Description of the task
From the material below, return exactly the lines starting at the one that holds "Nyuma yo gusohoka" and ending at the one that holds "On this auspicious". Pictures stay out of the answer.

Extracted records
<<<<
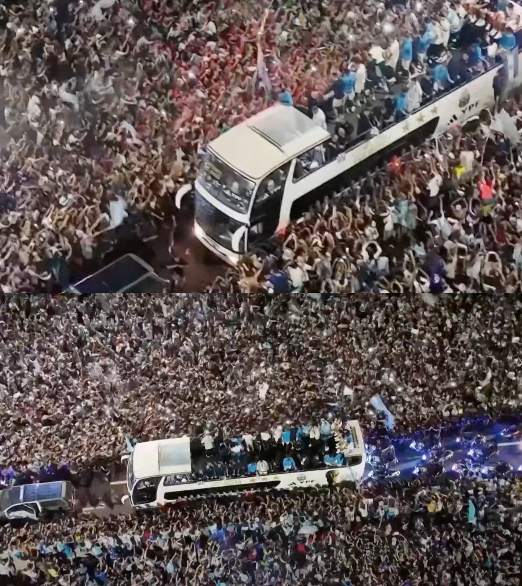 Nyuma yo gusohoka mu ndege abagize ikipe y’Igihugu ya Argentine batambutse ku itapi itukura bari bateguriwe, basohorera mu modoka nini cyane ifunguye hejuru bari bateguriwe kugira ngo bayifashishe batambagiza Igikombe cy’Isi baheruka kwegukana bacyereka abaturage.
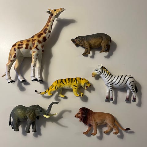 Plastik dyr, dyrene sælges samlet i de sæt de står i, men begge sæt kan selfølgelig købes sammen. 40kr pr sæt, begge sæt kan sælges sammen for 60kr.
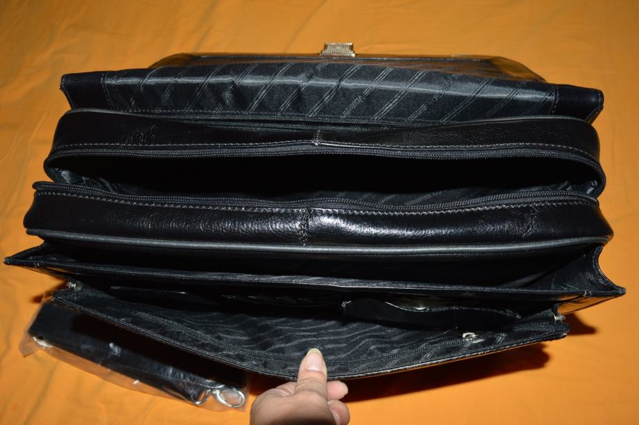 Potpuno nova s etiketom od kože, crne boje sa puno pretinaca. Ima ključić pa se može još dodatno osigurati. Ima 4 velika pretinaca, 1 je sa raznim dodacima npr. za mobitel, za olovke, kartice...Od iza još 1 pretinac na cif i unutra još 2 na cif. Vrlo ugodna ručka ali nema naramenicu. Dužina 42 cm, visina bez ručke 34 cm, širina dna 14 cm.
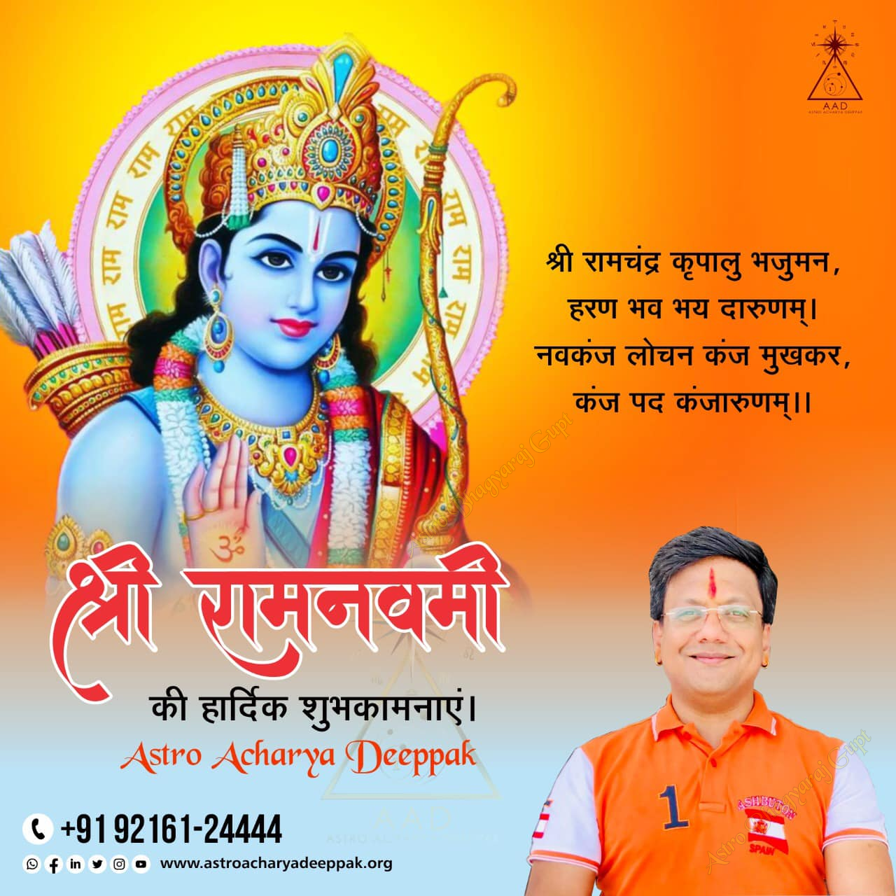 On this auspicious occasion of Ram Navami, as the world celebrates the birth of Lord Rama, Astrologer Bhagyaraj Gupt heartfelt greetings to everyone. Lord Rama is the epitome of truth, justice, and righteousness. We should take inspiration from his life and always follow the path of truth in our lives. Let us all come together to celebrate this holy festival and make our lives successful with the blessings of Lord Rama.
>>>>
<<<<
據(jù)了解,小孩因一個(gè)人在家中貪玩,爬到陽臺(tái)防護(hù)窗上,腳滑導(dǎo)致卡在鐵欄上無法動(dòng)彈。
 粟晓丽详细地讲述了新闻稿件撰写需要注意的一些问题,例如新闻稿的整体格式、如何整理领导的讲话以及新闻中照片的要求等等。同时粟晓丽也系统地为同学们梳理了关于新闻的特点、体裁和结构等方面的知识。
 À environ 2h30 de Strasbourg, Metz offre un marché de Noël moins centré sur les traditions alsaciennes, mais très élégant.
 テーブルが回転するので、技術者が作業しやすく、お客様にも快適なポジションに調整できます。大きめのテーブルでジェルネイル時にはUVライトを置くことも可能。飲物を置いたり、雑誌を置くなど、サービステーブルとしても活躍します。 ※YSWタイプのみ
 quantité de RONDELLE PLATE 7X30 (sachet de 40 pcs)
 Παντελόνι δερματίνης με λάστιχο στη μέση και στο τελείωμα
>>>>
<<<<
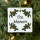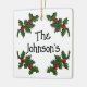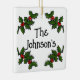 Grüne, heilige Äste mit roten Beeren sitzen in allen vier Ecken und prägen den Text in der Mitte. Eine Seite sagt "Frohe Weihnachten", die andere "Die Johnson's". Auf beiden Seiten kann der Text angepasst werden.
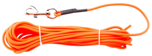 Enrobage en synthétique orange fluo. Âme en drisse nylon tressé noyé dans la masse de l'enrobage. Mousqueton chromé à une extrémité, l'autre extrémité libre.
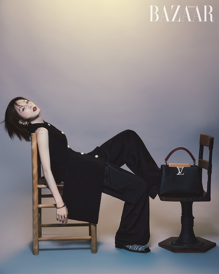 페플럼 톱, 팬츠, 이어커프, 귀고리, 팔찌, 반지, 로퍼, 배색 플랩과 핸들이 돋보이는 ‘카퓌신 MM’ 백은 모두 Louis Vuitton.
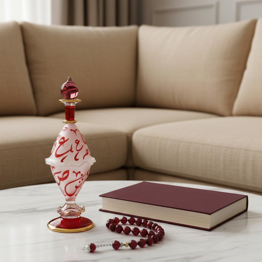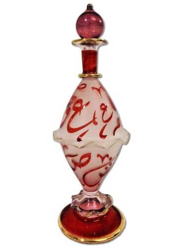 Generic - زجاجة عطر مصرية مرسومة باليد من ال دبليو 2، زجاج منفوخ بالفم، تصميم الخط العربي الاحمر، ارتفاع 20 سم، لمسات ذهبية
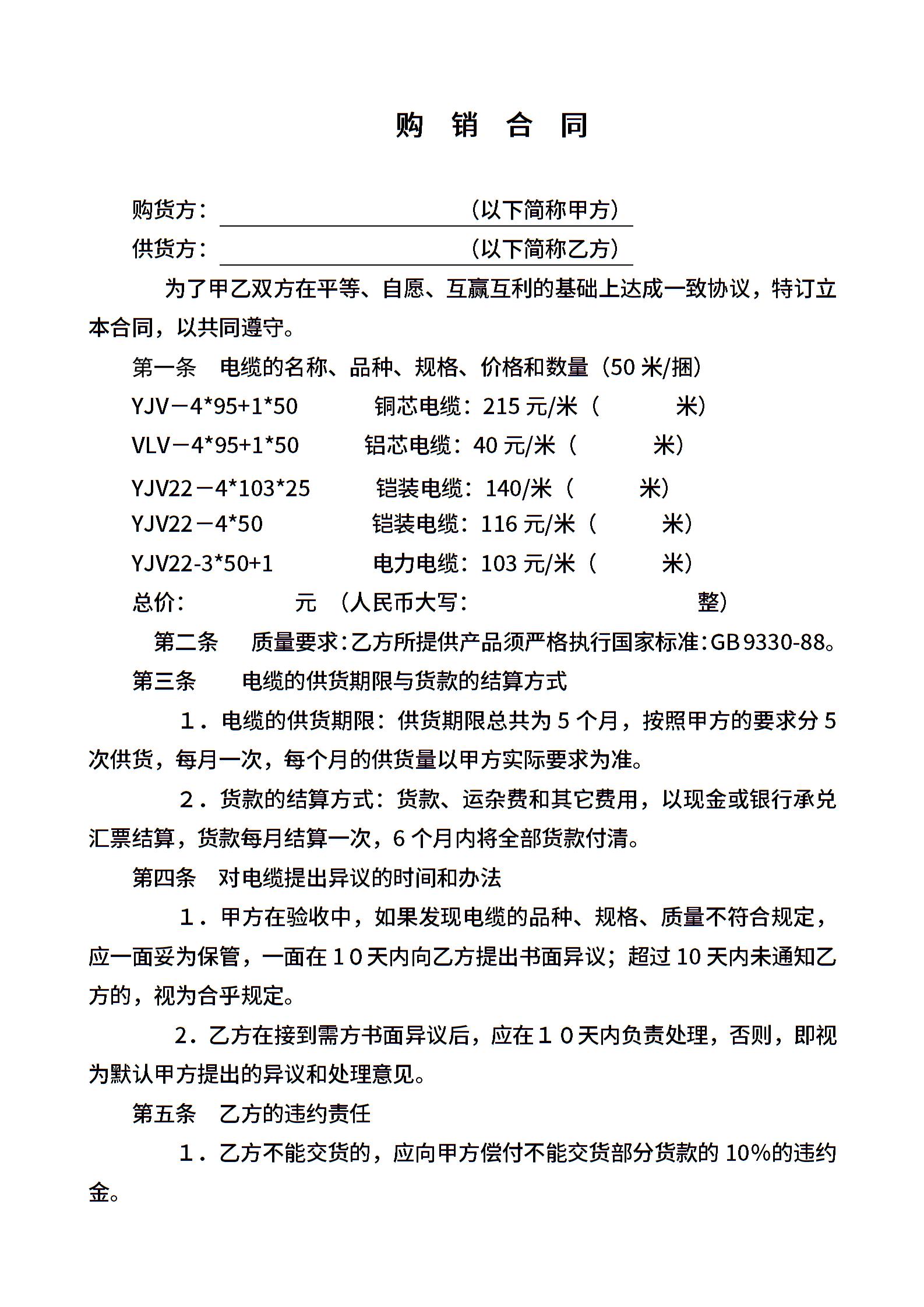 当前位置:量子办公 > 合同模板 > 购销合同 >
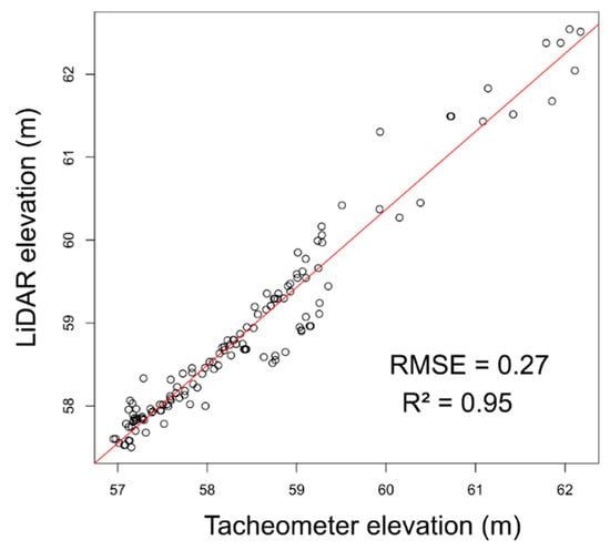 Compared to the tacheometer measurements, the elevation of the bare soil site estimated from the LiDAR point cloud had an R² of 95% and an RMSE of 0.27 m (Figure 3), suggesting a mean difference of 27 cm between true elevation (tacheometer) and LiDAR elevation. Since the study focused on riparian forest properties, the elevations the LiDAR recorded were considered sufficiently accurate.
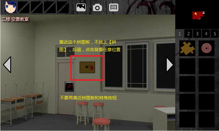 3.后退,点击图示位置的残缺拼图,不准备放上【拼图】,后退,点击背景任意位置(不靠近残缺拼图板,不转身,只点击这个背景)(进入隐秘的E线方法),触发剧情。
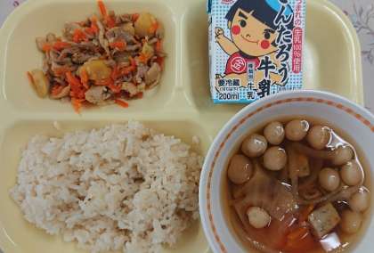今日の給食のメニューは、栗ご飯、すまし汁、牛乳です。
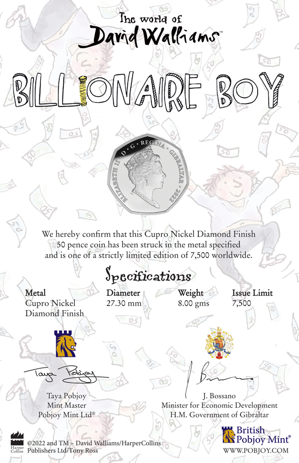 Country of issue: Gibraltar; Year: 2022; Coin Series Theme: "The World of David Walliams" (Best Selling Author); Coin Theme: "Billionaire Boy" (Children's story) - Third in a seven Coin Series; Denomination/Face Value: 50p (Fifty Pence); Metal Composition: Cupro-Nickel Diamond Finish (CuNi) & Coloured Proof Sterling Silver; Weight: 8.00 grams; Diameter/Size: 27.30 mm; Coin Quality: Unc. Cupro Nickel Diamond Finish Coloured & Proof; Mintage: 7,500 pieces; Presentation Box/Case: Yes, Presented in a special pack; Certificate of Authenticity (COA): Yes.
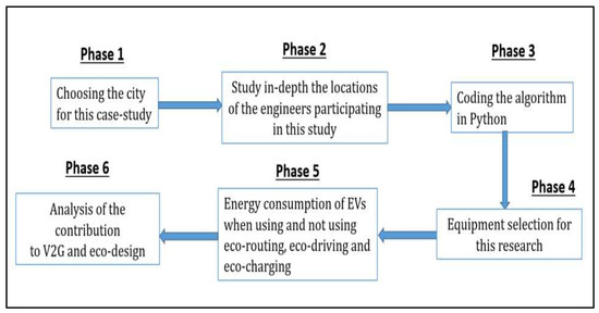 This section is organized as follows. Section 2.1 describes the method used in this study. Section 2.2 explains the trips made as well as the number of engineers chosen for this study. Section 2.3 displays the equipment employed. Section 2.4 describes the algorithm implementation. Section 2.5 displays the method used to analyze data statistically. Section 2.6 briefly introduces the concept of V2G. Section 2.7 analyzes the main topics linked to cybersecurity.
>>>>
Your solution
 Nyuma yo gusohoka mu ndege abagize ikipe y’Igihugu ya Argentine batambutse ku itapi itukura bari bateguriwe, basohorera mu modoka nini cyane ifunguye hejuru bari bateguriwe kugira ngo bayifashishe batambagiza Igikombe cy’Isi baheruka kwegukana bacyereka abaturage.
 Plastik dyr, dyrene sælges samlet i de sæt de står i, men begge sæt kan selfølgelig købes sammen. 40kr pr sæt, begge sæt kan sælges sammen for 60kr.
 Potpuno nova s etiketom od kože, crne boje sa puno pretinaca. Ima ključić pa se može još dodatno osigurati. Ima 4 velika pretinaca, 1 je sa raznim dodacima npr. za mobitel, za olovke, kartice...Od iza još 1 pretinac na cif i unutra još 2 na cif. Vrlo ugodna ručka ali nema naramenicu. Dužina 42 cm, visina bez ručke 34 cm, širina dna 14 cm.
 On this auspicious occasion of Ram Navami, as the world celebrates the birth of Lord Rama, Astrologer Bhagyaraj Gupt heartfelt greetings to everyone. Lord Rama is the epitome of truth, justice, and righteousness. We should take inspiration from his life and always follow the path of truth in our lives. Let us all come together to celebrate this holy festival and make our lives successful with the blessings of Lord Rama.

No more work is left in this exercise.